Please return all of the records verbatim, with the pictures omitted.

(Data records)

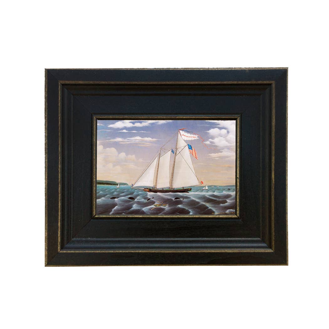 Nauwkeurige reproductie van het originele olieverfschilderij van de Amerikaanse zeeschilder Franklyn Bassford (1857-1897). Deze afbeelding is gedrukt op canvas, bevestigd op een plank en behandeld met een historisch ogende vernis. Het frame is gemaakt van antiek goudhars. De achterkant is afgewerkt met 100% gerecycled knutselpapier en een zaagtandhanger. Gemaakt in de VS. • Schilderij: 5 „x 6" • Afmetingen van het afgewerkte frame: 8-1/2 „x 9-1/2" • Breedte van het frame: 2" • Framedikte: 1" Opmerking: Deze print is mogelijk verkrijgbaar in verschillende maten en kaders. Neem contact met ons op voor meer informatie.
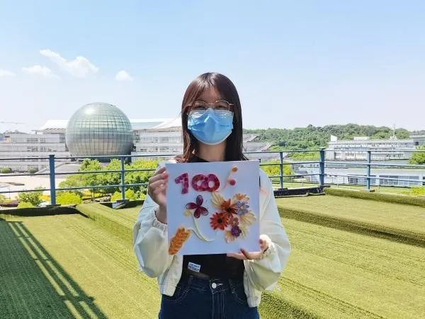 除朗诵外,同学们还以一种特别的方式向共青团表达祝福。贸经2101班的吕亦诗同学用了10余种颜色的衍纸,通过卷捏粘拼,组成了一幅精美的装饰画。鲜红的数字“100”蕴含着中国共青团走过的百年征程,各色各样的花朵则表达了她对共青团美好未来的祝愿,而麦穗寓意着广大青年要站稳人民立场,脚踏实地,求真务实。她说:“为了使整个画面看起来协调美观,我进行了多次调整,希望能献给中国共青团一份饱含心意的礼物,也祝愿新时代的青年前赴后继、砥砺奋进,传递青春正能量!”
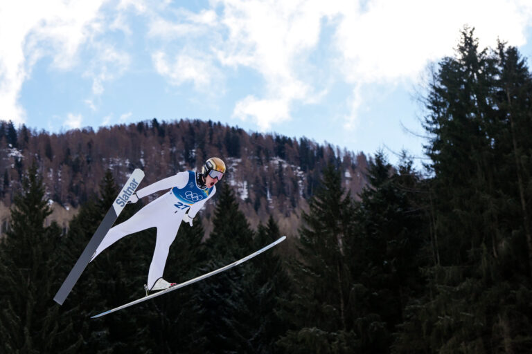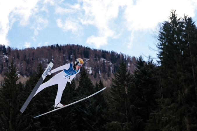 Andreas Skoglund, of Norway, soars through the air during his trial jump of the nordic combined individual Gundersen large hill/10km at the 2026 Winter Olympics, in Predazzo, Italy, Tuesday, Feb. 17, 2026. Foto: SITA/AP
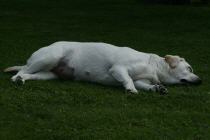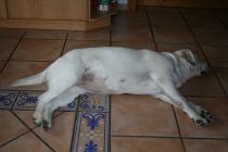 Am 12.06.2011 war es soweit. Nachdem Bluna gegen 6:30 Uhr etwas Fruchtwasser verloren hatte, setzten die Wehen ganz normal ein und wir warteten gespannt auf den ersten Welpen. Leider bemerkten wir aber recht schnell, dass etwas nicht stimmte und so entschlossen wir uns, mit Bluna zum Tierarzt zu fahren. Dort mussten wir feststellen, dass ein sehr großer Welpe verkehrtherum im Geburtskanal feststeckte. Leider konnten wir diesen gelben Rüden nur noch tot holen. Auf den danach angefertigten Röntgenaufnahmen konnte wir keine weiteren Welpen mehr erkennen. Auch bei Bluna hatten wir jetzt das Gefühl, dass sie mit der Geburt abgeschlossen hatte, denn sie legte sich bereits in der Praxis ganz entspannt hin. Wir sind jetzt schon seit einigen Stunden wieder zuhause und zum Glück geht es Bluna den Umständen entsprechend gut. Sie schläft jetzt viel und erholt sich von den Strapazen der Geburt.
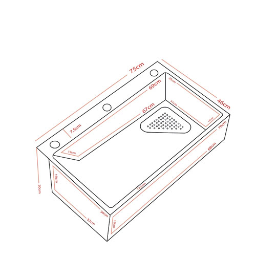 Medidas: Largo 75cm X Ancho 46cm X Alto 20cm.
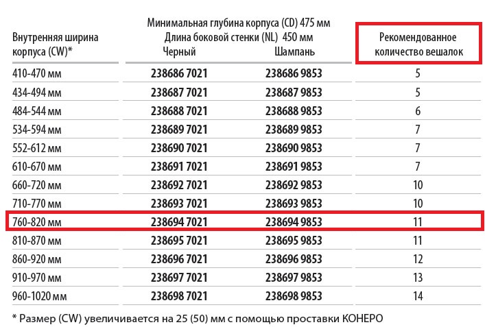 Размер (CW) увеличивается на 25 (50) мм с помощью проставки КОНЕРО
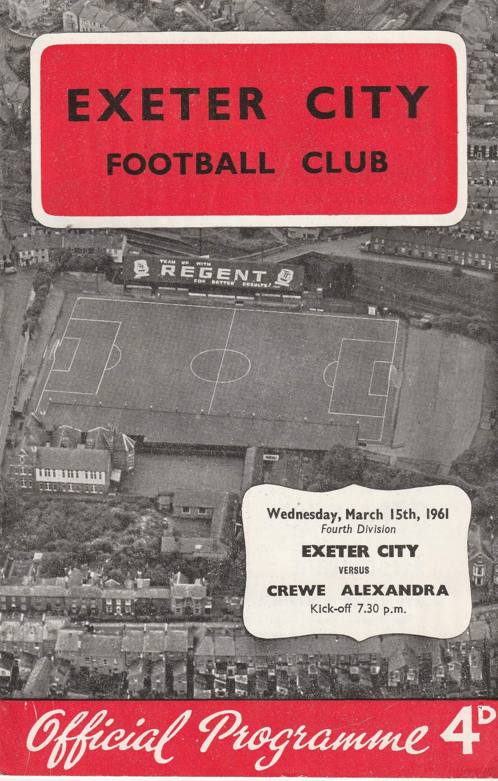 Match: Exeter City v Crewe Alexandra Competition: League Division 4 Date: 15-Mar-1961 Comments: Rating: 3 Condition: Slight staple rust Weight in grams: 40
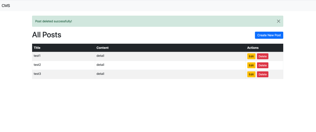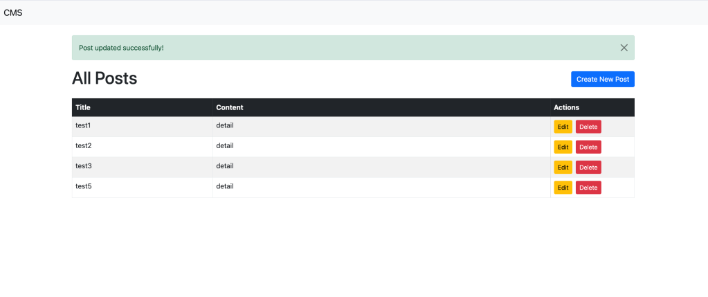 The CMS provides all essential CRUD functionality for managing posts. Users can easily create new posts, view them in a clean, responsive table, edit content, and delete posts from the interface. - Bootstrap-Powered UI
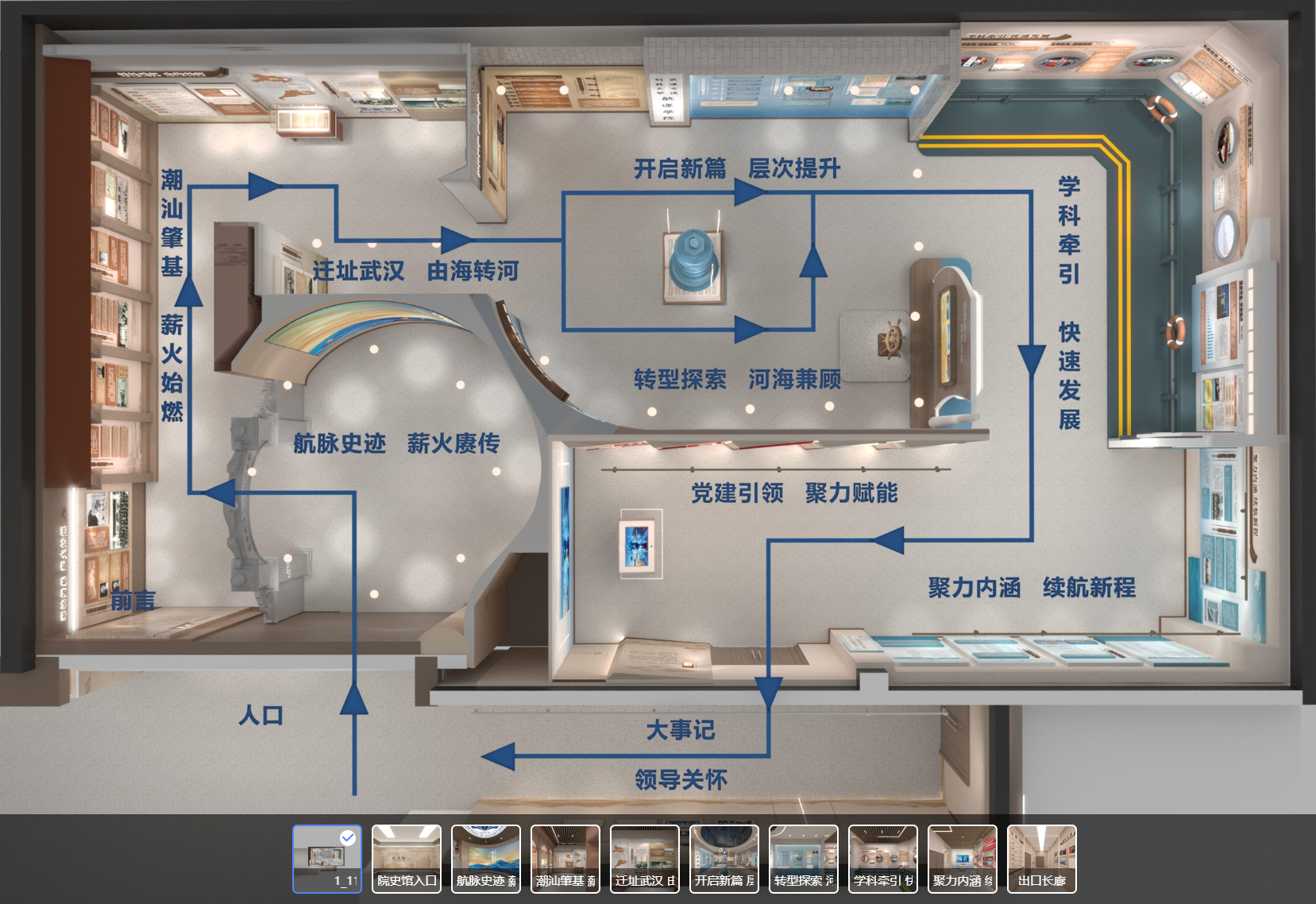 据了解,“云上”院史馆采用3D建模、VR全景、实景图片、视频展播、语音讲解等多元数字化手段,精准复刻了实体院史馆“航脉史迹ﻪ薪火赓传”“潮汕肇基 薪火始燃”“迁址武汉ﻪ由海转河”“转型探索 河海兼顾”“开启新篇ﻪ层次提升”“学科牵引 快速发展”“聚力内涵ﻪ续航新程”等全部展区。观众无需抵达现场,只需滑动屏幕,便可身临其境般在馆内自由“漫步”,借助放大细览、语音导览、视频点播等便捷功能,零距离、全方位了解环亚体育 八十年的办学历程、精神内涵与未来发展愿景。
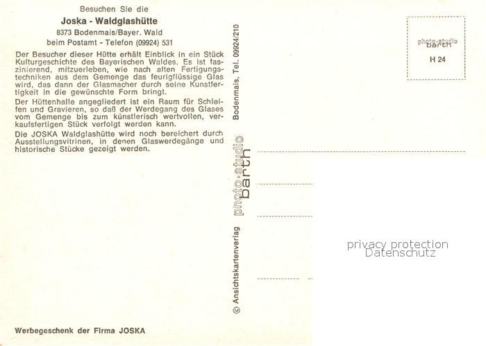 72993734 Bodenmais Joska Waldglashuette postalisch nicht gelaufen Erhaltung siehe scans [AndreD76] KatCode: 11110009276117
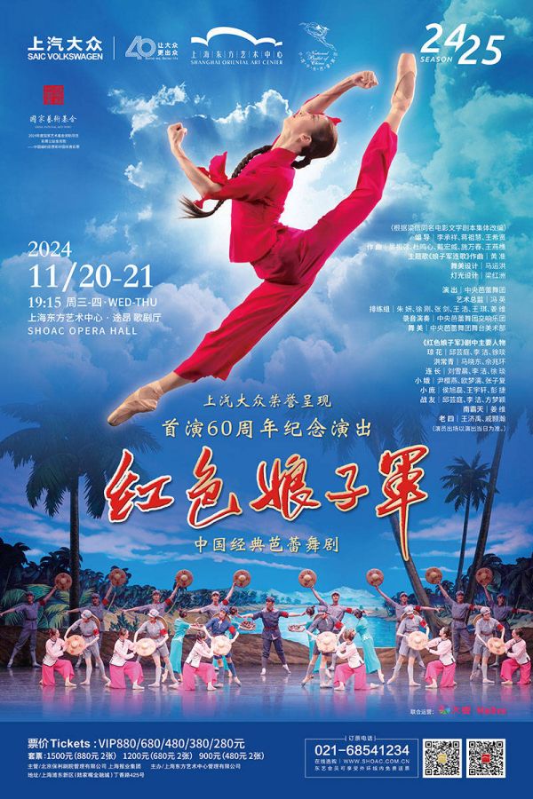 11月20至21日,中央芭蕾舞团即将再度造访东方艺术中心,献演“镇团之宝”《红色娘子军》,纪念作品首演60周年。芭蕾舞剧《红色娘子军》曾两次亮相东艺,广受赞誉。值此首演60周年之际,中芭即将再现巾帼传奇,带领观众重温红色经典,回望峥嵘岁月。
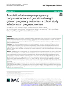 Association between pre-pregnancy body mass index and gestational weight gain on pregnancy outcomes: a cohort study in Indonesian pregnant women.
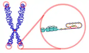 Telomerii sunt alcătuiți din cateva mii de repetiții ale unei secvențe scurte de ADN (la om având o lungime de 3 până la 20 kilobaze, plus încă 100-300 kilobaze asociate telomerului care sunt situate între telomer și restul cromozomului). Structura exactă a telomerilor nu este cunoscută, depinzând de secvențele de baze. La vertebrate, inclusiv omul, secvența repetată este TTAGGG, la insecte este TTAGG, iar la plante este TTTAGGG. În timpul interfazei, telomerii sunt cele mai îndepărtate zone ale cromozomilor de centrul nucleului. Deoarece ADN-polimeraza este incapabilă să copie capetele ADN-ului din cromozomi, are loc o permanentă scurtare a telomerilor odată cu fiecare replicare celulară, pierzându-se aproximativ 30-200 repetiții din telomer la fiecare ciclu.

(End Data records)

*Exercise response*:
 Nauwkeurige reproductie van het originele olieverfschilderij van de Amerikaanse zeeschilder Franklyn Bassford (1857-1897). Deze afbeelding is gedrukt op canvas, bevestigd op een plank en behandeld met een historisch ogende vernis. Het frame is gemaakt van antiek goudhars. De achterkant is afgewerkt met 100% gerecycled knutselpapier en een zaagtandhanger. Gemaakt in de VS. • Schilderij: 5 „x 6" • Afmetingen van het afgewerkte frame: 8-1/2 „x 9-1/2" • Breedte van het frame: 2" • Framedikte: 1" Opmerking: Deze print is mogelijk verkrijgbaar in verschillende maten en kaders. Neem contact met ons op voor meer informatie.
 除朗诵外,同学们还以一种特别的方式向共青团表达祝福。贸经2101班的吕亦诗同学用了10余种颜色的衍纸,通过卷捏粘拼,组成了一幅精美的装饰画。鲜红的数字“100”蕴含着中国共青团走过的百年征程,各色各样的花朵则表达了她对共青团美好未来的祝愿,而麦穗寓意着广大青年要站稳人民立场,脚踏实地,求真务实。她说:“为了使整个画面看起来协调美观,我进行了多次调整,希望能献给中国共青团一份饱含心意的礼物,也祝愿新时代的青年前赴后继、砥砺奋进,传递青春正能量!”
 Andreas Skoglund, of Norway, soars through the air during his trial jump of the nordic combined individual Gundersen large hill/10km at the 2026 Winter Olympics, in Predazzo, Italy, Tuesday, Feb. 17, 2026. Foto: SITA/AP
 Am 12.06.2011 war es soweit. Nachdem Bluna gegen 6:30 Uhr etwas Fruchtwasser verloren hatte, setzten die Wehen ganz normal ein und wir warteten gespannt auf den ersten Welpen. Leider bemerkten wir aber recht schnell, dass etwas nicht stimmte und so entschlossen wir uns, mit Bluna zum Tierarzt zu fahren. Dort mussten wir feststellen, dass ein sehr großer Welpe verkehrtherum im Geburtskanal feststeckte. Leider konnten wir diesen gelben Rüden nur noch tot holen. Auf den danach angefertigten Röntgenaufnahmen konnte wir keine weiteren Welpen mehr erkennen. Auch bei Bluna hatten wir jetzt das Gefühl, dass sie mit der Geburt abgeschlossen hatte, denn sie legte sich bereits in der Praxis ganz entspannt hin. Wir sind jetzt schon seit einigen Stunden wieder zuhause und zum Glück geht es Bluna den Umständen entsprechend gut. Sie schläft jetzt viel und erholt sich von den Strapazen der Geburt.
 Medidas: Largo 75cm X Ancho 46cm X Alto 20cm.
 Размер (CW) увеличивается на 25 (50) мм с помощью проставки КОНЕРО
 Match: Exeter City v Crewe Alexandra Competition: League Division 4 Date: 15-Mar-1961 Comments: Rating: 3 Condition: Slight staple rust Weight in grams: 40
 The CMS provides all essential CRUD functionality for managing posts. Users can easily create new posts, view them in a clean, responsive table, edit content, and delete posts from the interface. - Bootstrap-Powered UI
 据了解,“云上”院史馆采用3D建模、VR全景、实景图片、视频展播、语音讲解等多元数字化手段,精准复刻了实体院史馆“航脉史迹ﻪ薪火赓传”“潮汕肇基 薪火始燃”“迁址武汉ﻪ由海转河”“转型探索 河海兼顾”“开启新篇ﻪ层次提升”“学科牵引 快速发展”“聚力内涵ﻪ续航新程”等全部展区。观众无需抵达现场,只需滑动屏幕,便可身临其境般在馆内自由“漫步”,借助放大细览、语音导览、视频点播等便捷功能,零距离、全方位了解环亚体育 八十年的办学历程、精神内涵与未来发展愿景。
 72993734 Bodenmais Joska Waldglashuette postalisch nicht gelaufen Erhaltung siehe scans [AndreD76] KatCode: 11110009276117
 11月20至21日,中央芭蕾舞团即将再度造访东方艺术中心,献演“镇团之宝”《红色娘子军》,纪念作品首演60周年。芭蕾舞剧《红色娘子军》曾两次亮相东艺,广受赞誉。值此首演60周年之际,中芭即将再现巾帼传奇,带领观众重温红色经典,回望峥嵘岁月。
 Association between pre-pregnancy body mass index and gestational weight gain on pregnancy outcomes: a cohort study in Indonesian pregnant women.
 Telomerii sunt alcătuiți din cateva mii de repetiții ale unei secvențe scurte de ADN (la om având o lungime de 3 până la 20 kilobaze, plus încă 100-300 kilobaze asociate telomerului care sunt situate între telomer și restul cromozomului). Structura exactă a telomerilor nu este cunoscută, depinzând de secvențele de baze. La vertebrate, inclusiv omul, secvența repetată este TTAGGG, la insecte este TTAGG, iar la plante este TTTAGGG. În timpul interfazei, telomerii sunt cele mai îndepărtate zone ale cromozomilor de centrul nucleului. Deoarece ADN-polimeraza este incapabilă să copie capetele ADN-ului din cromozomi, are loc o permanentă scurtare a telomerilor odată cu fiecare replicare celulară, pierzându-se aproximativ 30-200 repetiții din telomer la fiecare ciclu.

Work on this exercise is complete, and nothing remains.